NBA Lockout Could Keep Basketball’s Biggest Stars From Olympic Games

The NBA lockout seems to be inching closer to becoming a season-ending lockout, with games now canceled through Dec. 15.

It’s possible that players, who recently missed their first of 12 paychecks, will change their minds and agree to settle for what the owners have offered — an offer that at this point will only get worse with time.

With no season, it would seem more players would want to play on international teams, but the looming lockout is likely to mean less stars at the London 2012 Olympic Games.

On a general standpoint, the main problem lies in player insurance. The NBA normally foots the bill for the insurance when players go play with their respective national teams. However, with the lockout, international teams will be forced to pay the bill themselves.

This becomes a problem across the board. Smaller federations trying to defend their few NBA stars, like Luol Deng in Great Britain, do not have the money to pay up the large insurances and may instead rely on players from local leagues.

For countries like the United States, their star power for once hurts them.
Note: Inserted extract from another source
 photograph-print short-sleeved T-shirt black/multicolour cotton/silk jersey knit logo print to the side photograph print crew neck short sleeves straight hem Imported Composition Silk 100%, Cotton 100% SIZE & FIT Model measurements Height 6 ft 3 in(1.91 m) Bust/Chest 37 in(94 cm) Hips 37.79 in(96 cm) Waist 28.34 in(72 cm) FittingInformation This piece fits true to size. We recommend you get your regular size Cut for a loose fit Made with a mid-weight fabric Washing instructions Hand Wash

The insurance bill for a LeBron James and Dwyane Wade is not the same as Carlos Arroyo, who has been playing with Puerto Rico during the lockout.
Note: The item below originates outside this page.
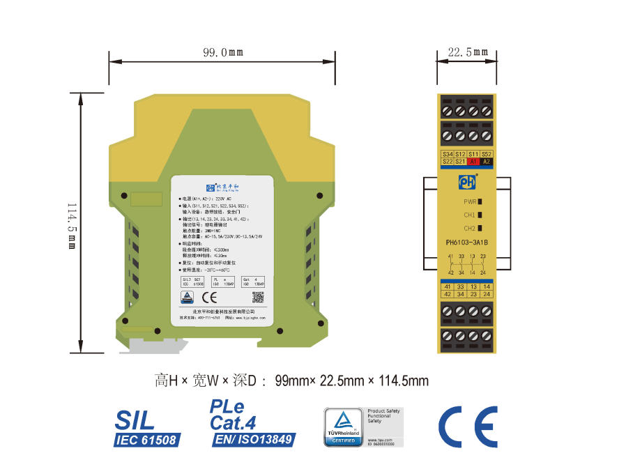 PH6101-3A1B是一款安全继电器控制模块,适用于急停按钮、安全门控制开关输入,具有3路常开(NO)安全输出触点和1路常闭(NC)辅助输出触点的安全继电器。它支持单、双通道操作,手动或自动复位,并具有通道间短路监控功能。
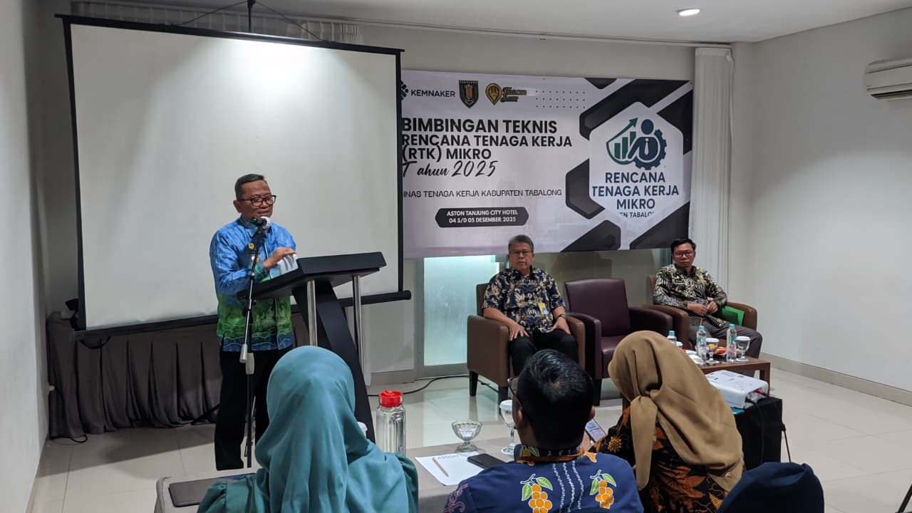 TANJUNG, KALIMANTANLIVE.COM – Bimbingan teknis (Bimtek) Rancangan Tenaga Kerja (RTK) Mikro digelar Dinas Tenaga Kerja (Disnaker) Kabupaten Tabalong di Aston Tanjung City Hotel, Kamis (4/12/2025).

The U.S., although full of resources, would likely be forced to field a team with secondary stars that would bring with them smaller insurance values.

Team USA will face further complications considering how closely linked team USA is to the NBA. Players may not want to join the marketing campaign that is the Dream Team for the NBA.

Furthermore, even if the stars are present, the quality of the play may be hindered by facing players that are no longer in game shape or, if there is a season, are still fatigued from a season that may end later due to the lockout problems.

Regardless, what may have been one of the most marketable tournaments in London 2012 is becoming more fuddled and those that have already forked over money for the sought-after tickets may find themselves before a much diminished product come July 2012.